There is the tendency to ask, “Weren’t there signs?”, “Why was the change in behavior overlooked?”, and pass remarks such as “It was so selfish of the person to take his own life.” These thought processes may seem to make sense to us, indeed – they’re the first few question suicide survivors ask themselves. However, what is perceived is not always true – sometimes it is the underlying layers of emotional turmoil that causes them to internalize these stigmatized attitudes towards them. Instead of finding faults and blaming one another (ourselves included), it would be more meaningful to understand and learn from the suicide survivors’ stories. Perhaps the very first step anyone could do is to lend an ear with an open heart, because little moments like that could be an enlightening experience of knowing what it’s really like to lose someone to suicide behind closed doors.
Riding (and Surviving) the Waves of Grief
The experience of grief is very much like the feeling of falling sick. From time to time, our body’s immune system drops and it’s only natural that we fall sick. Sometimes it’s a minor cold that requires a little bit of rest, other times, we take much more time and remedies to recover. It’s just like how grief comes in waves, there will be times that it comes in torrents, causing us to feel the emotion at full force while other times it laps at us like gentle waves, it’s like our moral compass, nudging us to stay on the right track. And it’s okay that we fall from time to time, because each time we fall, we get back up stronger than before.

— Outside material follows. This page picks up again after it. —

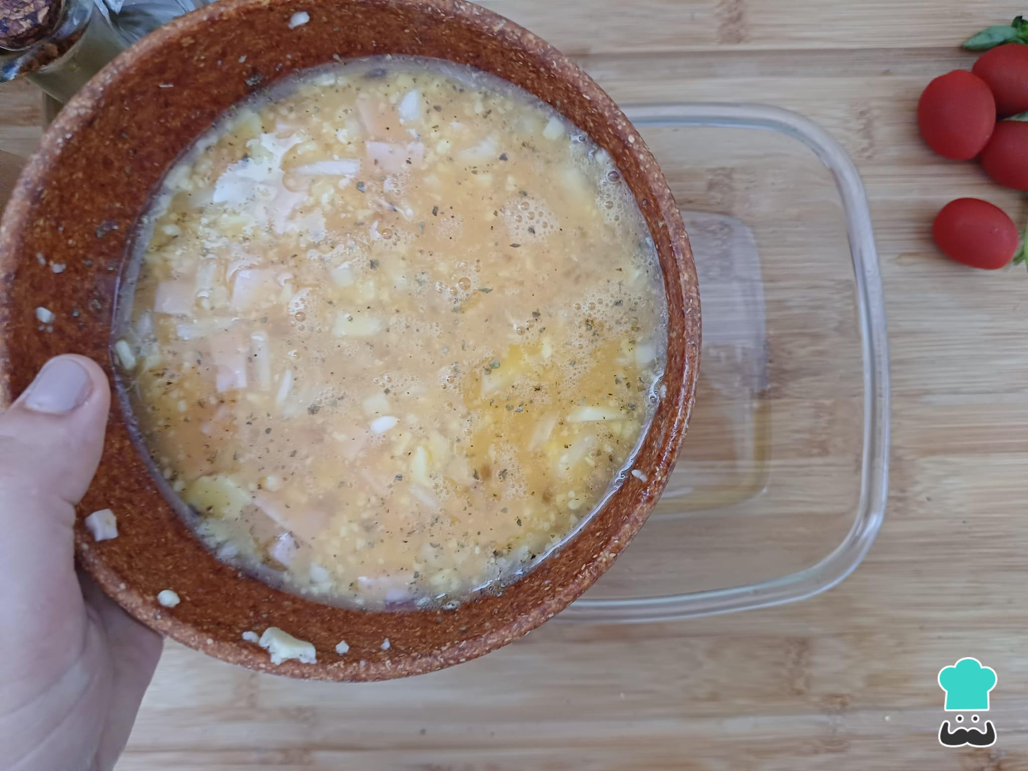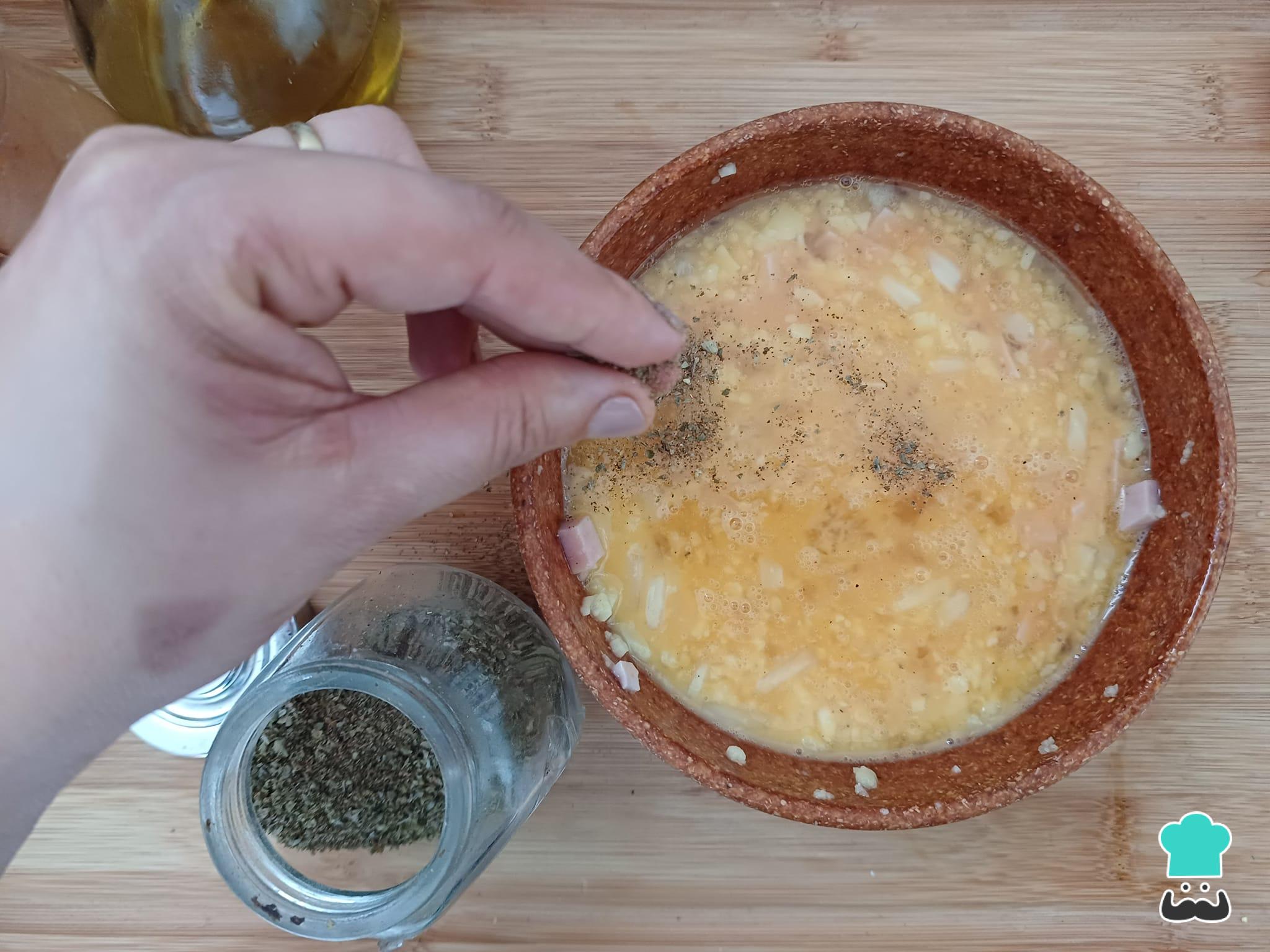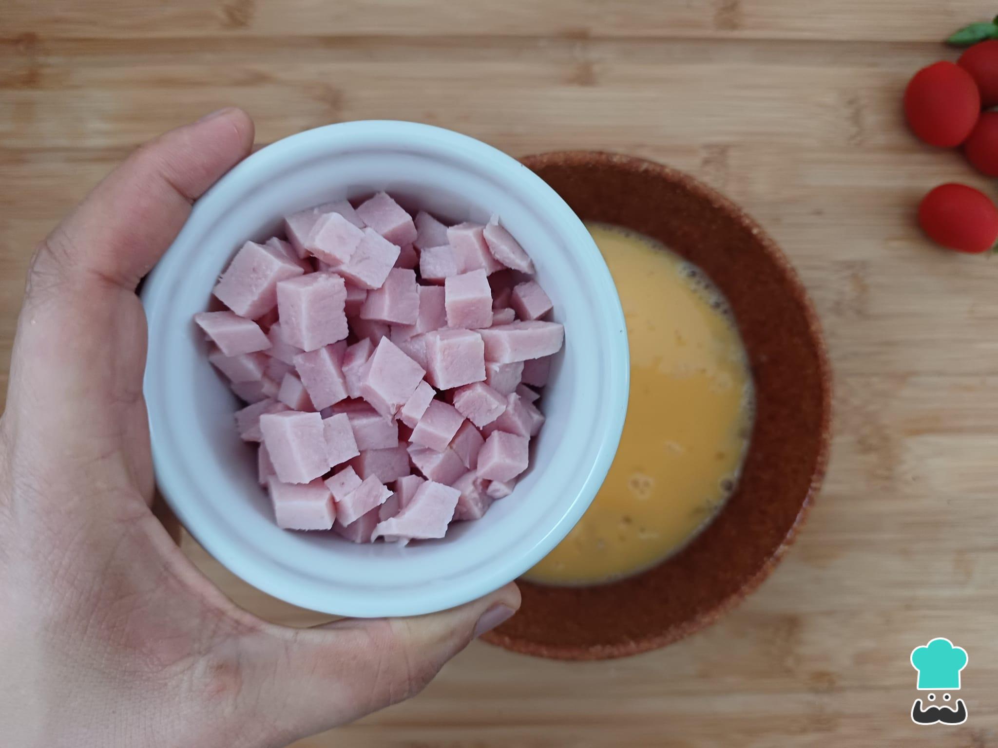 Adicione os demais ingredientes: presunto, queijo e cebola ralada.

Sometimes being strong means taking baby steps, surviving week by week, day by day, and other times coping by the hour is all that we need to do. In fact, it takes so much courage to admit defeat, to accept that we fall at times, and to reach out for help. If you’re struggling with bereavement by suicide, or grieving over a loved one, begin with forgiving yourself for all the guilt and blame you’ve been carrying with you. Occasionally, the memories would come in waves. And when it does, allow yourself to take time off to do what works best for you (spending some time crying alone) to recover. But most importantly, know that it is neither a sign of weakness nor shame, it just shows that your loved one has been missed so dearly.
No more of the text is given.